Thanos's next target is the Gardener, who has been in possession of the Time Gem and has used its powers to create a garden of unparalleled beauty. After a short and seemingly peaceful discussion, the Gardener attempts to use the power of his gem to strangle Thanos in various items of vegetation; using the Power Gem, Thanos breaks free and turns the Gardener's creations against him before taking the gem.

In Part Two, Thanos contacts the Collector, with whom he has apparently had an amicable past and who has been monitoring his activities since Thanos's encounter with the Champion. Thanos informs the Collector that he will soon be coming into possession of a treasure so rare that the Collector will gladly part with his gem in trade for it.

Thanos then seeks out the Runner, who has been using the Space Gem in order to make himself the fastest being in existence. After the Runner destroys Thanos's craft, Thanos reveals to him that he has discovered the true nature of the Infinity Gems; they are, in fact, the physical remnants of a godlike being that existed before the creation of our universe, who committed a form of cosmic suicide out of loneliness. He then uses the Time gem taken from the Gardener to turn the Runner first into an extremely old and decrepit man, and then into an infant. With the infant Runner in hand, he teleports back to the Collector's ship and proceeds to trade the Runner for the Collector's gem, the Reality Gem, which Thanos demonstrates to the astonished Collector has the ability to control reality. The Collector begs Thanos to leave, which he does... but only after allowing the Runner to revert to his normal age and form to take out his anger on the Collector.
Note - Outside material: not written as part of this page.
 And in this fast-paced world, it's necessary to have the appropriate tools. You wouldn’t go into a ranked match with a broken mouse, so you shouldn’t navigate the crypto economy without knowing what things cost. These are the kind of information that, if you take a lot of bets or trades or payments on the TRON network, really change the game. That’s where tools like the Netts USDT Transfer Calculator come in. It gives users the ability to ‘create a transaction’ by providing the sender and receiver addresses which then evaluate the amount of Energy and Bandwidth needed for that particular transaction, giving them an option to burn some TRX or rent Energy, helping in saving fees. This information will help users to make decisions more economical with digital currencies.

Thanos's final target is the Grandmaster, a consummate games-man. With the final gem, the Mind Gem, imprisoned in a random teleportation device that will only deactivate with his death, he informs Thanos that he cannot have the gem until he bests him in a game of his choosing. The two then compete in a virtual reality combat game, which Thanos seems to win until it is shown that the Grandmaster had sabotaged Thanos's weaponry. However, Thanos then reveals that the body with which the Grandmaster had been competing was merely a robotic clone of Thanos; its destruction being inconsequential, the real Thanos proceeds to destroy the gaming equipment, killing the Grandmaster and freeing the Mind Gem.

Thanos returns to Death's sanctum with the six Infinity Gems in his possession, boasting of his achievement and his new-found status as Death's equal. Death congratulates his accomplishment, though still speaks to him through her various minions. When Thanos demands that Death address him personally as her mate, she points out to him, again through her minions, with his newly achieved status of omnipotence, Thanos is not her equal, but her superior, and that it would therefore not be fitting for her to address him directly. Thanos destroys the minion in a fit of anger and stalks from Death's throne room, trying to comprehend his miscalculation, and finally wondering, while shedding a tear, how becoming a god could prove such a hollow victory.

==Collected editions==
The series has been reprinted a number of times, first in a 2000 one-shot and then as part of the Rebirth of Thanos trade paperback which brought together all the pre-Infinity Gauntlet issues dealing with Thanos's return:

- Silver Surfer: Rebirth Of Thanos (collects Silver Surfer #34-38, The Thanos Quest mini-series, and "The Final Flower!" from Logan's Run #6, 224 pages, April 2006, ISBN 0-7851-2046-7)

==In other media==
Some elements of the comic were later loosely adapted in Avengers: Infinity War.